#### TASK TO CARRY OUT:
Nothing but the lines below from the one holding "Комплектация – внутренний" up to and including the one holding "The same image" should be copied, exactly and without pictures.

#### SUPPLIED DATA:
= = = = =
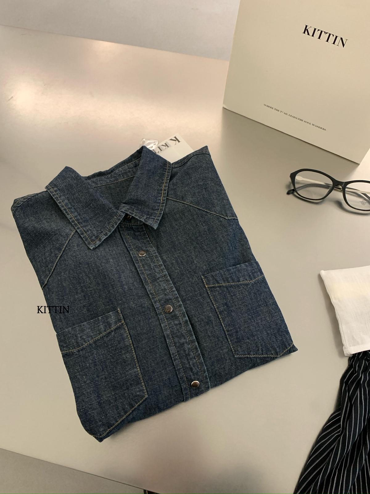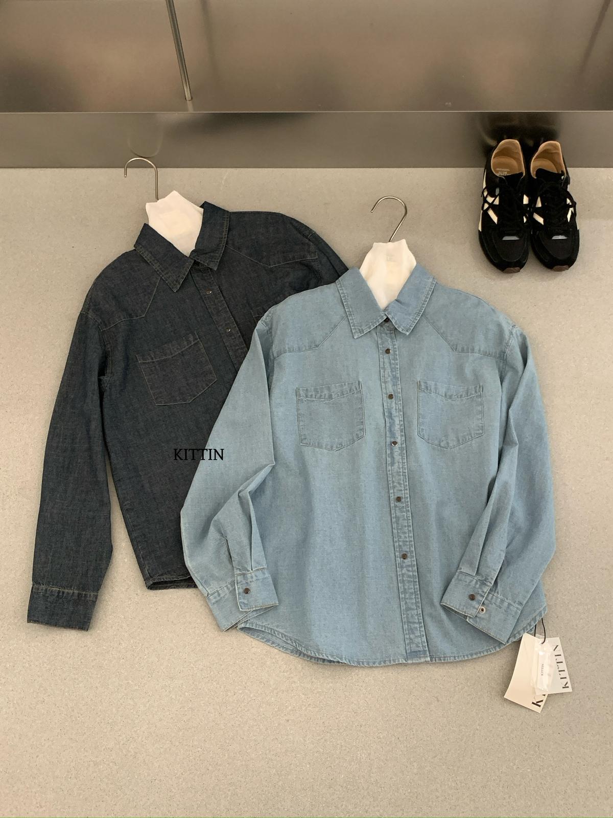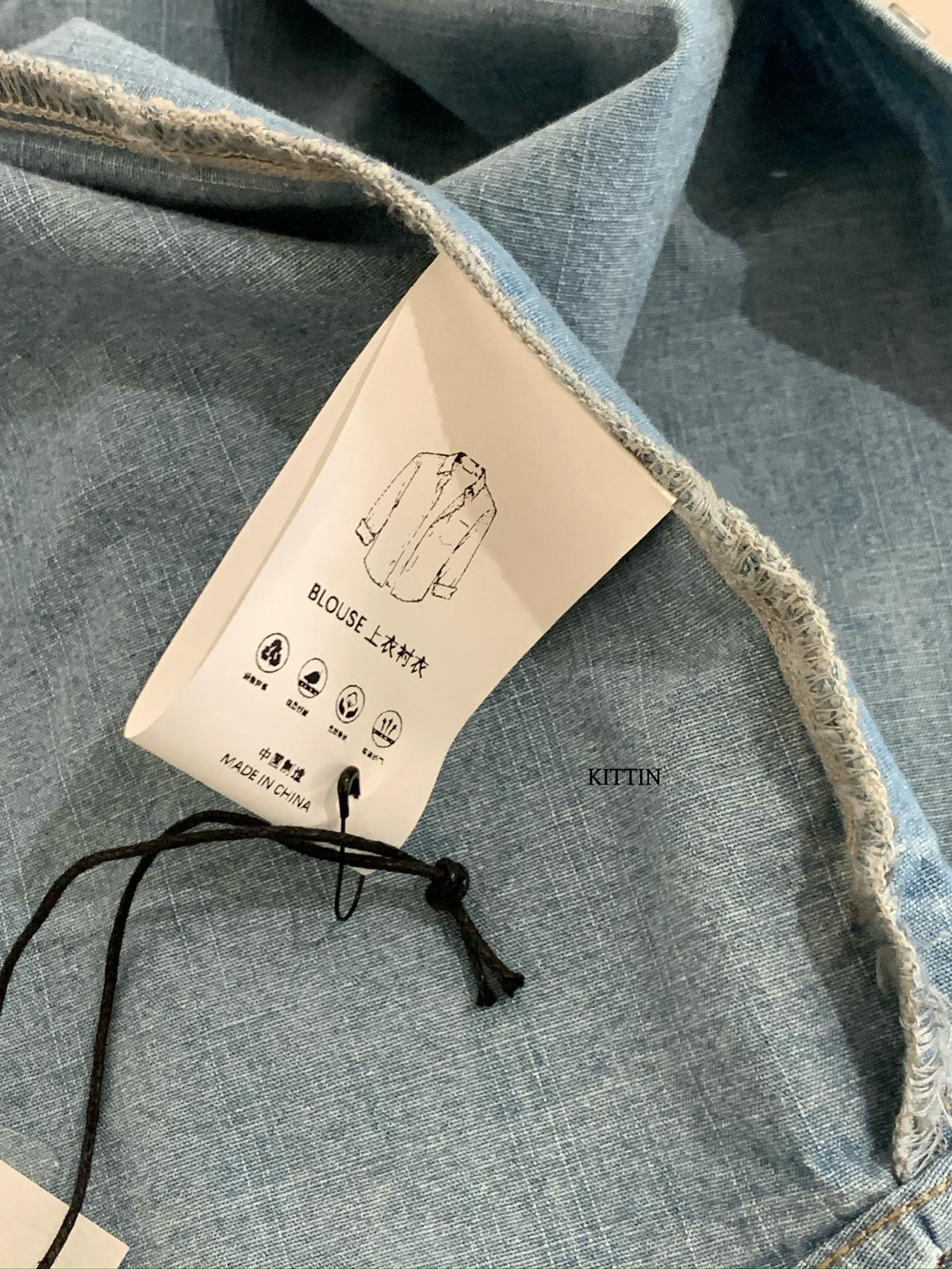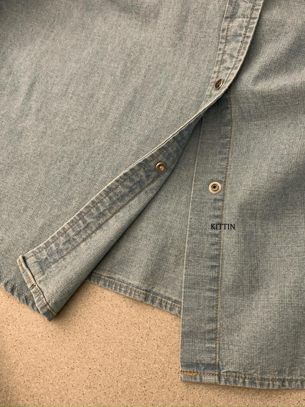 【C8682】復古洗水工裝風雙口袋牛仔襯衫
= = = = =
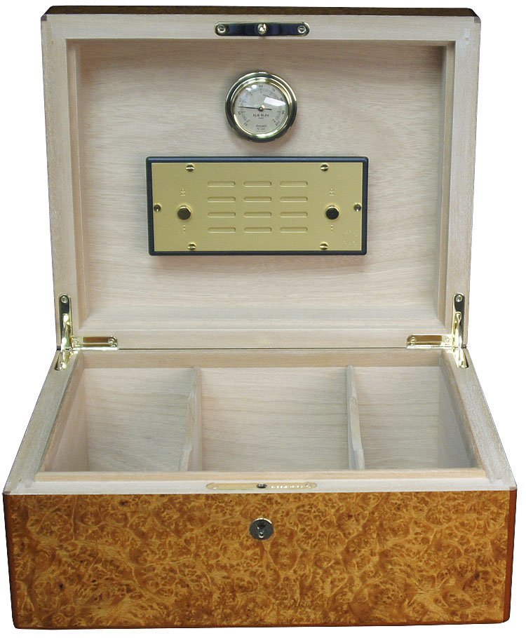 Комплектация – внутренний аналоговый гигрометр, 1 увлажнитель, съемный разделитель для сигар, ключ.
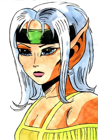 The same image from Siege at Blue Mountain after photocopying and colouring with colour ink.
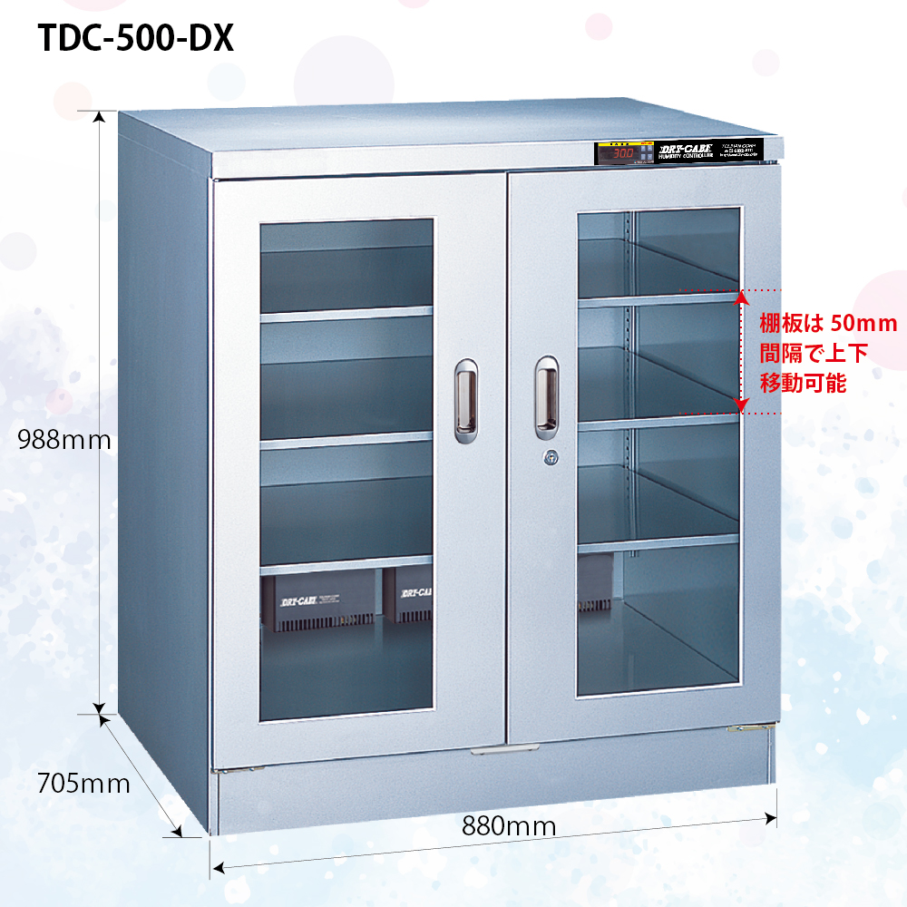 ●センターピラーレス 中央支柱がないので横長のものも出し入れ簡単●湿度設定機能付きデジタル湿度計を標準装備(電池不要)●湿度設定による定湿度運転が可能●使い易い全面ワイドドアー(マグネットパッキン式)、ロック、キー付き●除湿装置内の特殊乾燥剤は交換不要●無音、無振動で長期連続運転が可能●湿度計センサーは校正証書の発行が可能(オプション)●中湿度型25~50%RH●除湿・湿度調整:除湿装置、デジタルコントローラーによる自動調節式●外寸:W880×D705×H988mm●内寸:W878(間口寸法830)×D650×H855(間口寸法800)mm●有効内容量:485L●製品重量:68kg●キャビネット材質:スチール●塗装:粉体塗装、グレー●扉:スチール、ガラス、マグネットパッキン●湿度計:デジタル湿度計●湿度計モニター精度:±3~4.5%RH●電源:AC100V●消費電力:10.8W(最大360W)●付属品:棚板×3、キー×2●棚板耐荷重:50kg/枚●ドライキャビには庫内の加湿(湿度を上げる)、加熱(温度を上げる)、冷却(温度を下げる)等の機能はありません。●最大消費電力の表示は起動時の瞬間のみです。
= = = = =
#### SOLUTION:
 Комплектация – внутренний аналоговый гигрометр, 1 увлажнитель, съемный разделитель для сигар, ключ.
 The same image from Siege at Blue Mountain after photocopying and colouring with colour ink.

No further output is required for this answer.